Beim ersten Panel, dem traditionellen Open Forum, war das Coronavirus zwar nicht das einzige, aber doch das wichtigste Thema. "Es wird teuer sowie unangenehm und die gesamte Branchealle betreffen", fürchtet die Agentin Emma Banks (CAA). Phil Rodriguez von Move Concerts kritisierte indes, dass einige Firmen ihren Mitarbeitern Dienstreisen verboten hätten: "Was senden wir denn für ein Signal an unsere Kunden aus, wenn wir selber nicht mehr auf Veranstaltungen gehen?"

eps-Geschäftsführer Okan Tombulca meldete sich zu Wort und wandte ein, dass man vielleicht andere schlechte Nachrichten in der Presse bräuchte, damit beim Thema Coronavirus wieder Normalität einzieht. "The show must go on", betonte Tombulca.

Ein anderes Thema beim Open Forum im voll besetzten großen Panelraum des Hotels war der Brexit. Emma Banks befürchtet, dass künftig zwar weniger die Aus- und ein Einreise von Acts zum Problem werden könnte, wohl aber der Transport von Ausrüstung und Bühnenproduktion in Trucks über die Grenze von und nach Europa.

Bei der Runde "Industry Invest: High Stakes" sprachen unter anderem der AEG-Europachef Alex Hill und der deutsche Finanzexperte Matthias C. Just von der Mayland AG über die Auswirkungen und Möglichkeiten von weiteren Beteiligungen an der Livebranche. So strich Hill heraus, dass man in die Livebranche in ihrer jetzigen Struktur besser investieren könne, Dadurch könnten etwa europaweit die benötigten, neuen Arenen entstehen.

Eine Reise in die Vergangenheit unternahmen indes der einstige Manager von Acts wie den Dire Straits, Scott Walker oder Bryan Ferry, Ed Bicknell, und sein Gast Peter Rudge. Der legendäre Manager und Agent erzählte bei Bicknells jährlichem "Late Breakfast Meeting" aus seiner Zeit mit The Who, den Rolling Stones, Duran Duran oder Lynyrd Skynyrd, bei dessen Flugzeugabsturz er nur wegen eines anderen Termins nicht in der Unglücksmaschine saß.

Zwischen den Panels und Workshops gab es auch Zeit zum Netzwerken, zudem hatte Christoph Scholz ausgewählte Geschäftspartner in seine Suite im Royal Garden eingeladen.
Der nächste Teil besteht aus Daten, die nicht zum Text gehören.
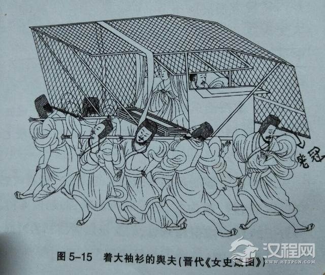 大袖衫是汉袍的一种发展和定型,趋简、适体可说是大袖衫形成的本质原因。大袖衫将袍的礼服形制削减,便服性质扩增,所以衫是便装外服最受人们欢迎的服装,也是服装和日常生活紧密结合的成熟的标志。此时不论上等官员,还是下等侍从也都服大袖衫,晋顾恺之绘的《女史箴图》中有八个舆夫,都是大袖飘飘、细纱笼巾的晋代衣冠。

Am Abend fand die elfte Ausgabe des niederländischen Showcaseformats "The D-Factor Impact Party" statt, die erstmals im Hotel Baglioni über die Bühne ging. Hier begrüßte Bas Reeders vom Dutch Music Export die zahlreichen ILMC-Delegierten, bevor dann die Bands 45AcidBabies, Ten Times A Million und DeWolff jeweils eine halbe Stunde lang spielten und Getränke sowie Speisen gereicht wurden.

Weitere Netzwerkmöglichkeiten ergaben sich bei den spielerisch-sportlichen Events, die die ILMC jedes Jahr ausrichtet. So fanden bis weit nach Mitternacht die Wettbewerbe "It's A Copout: The Cheapest Game Show In Town, "The 'Call My Bluff' Texas Hold 'Em Poker Tourney" und "The 'It's a Knockout!' Table Football Cup" statt.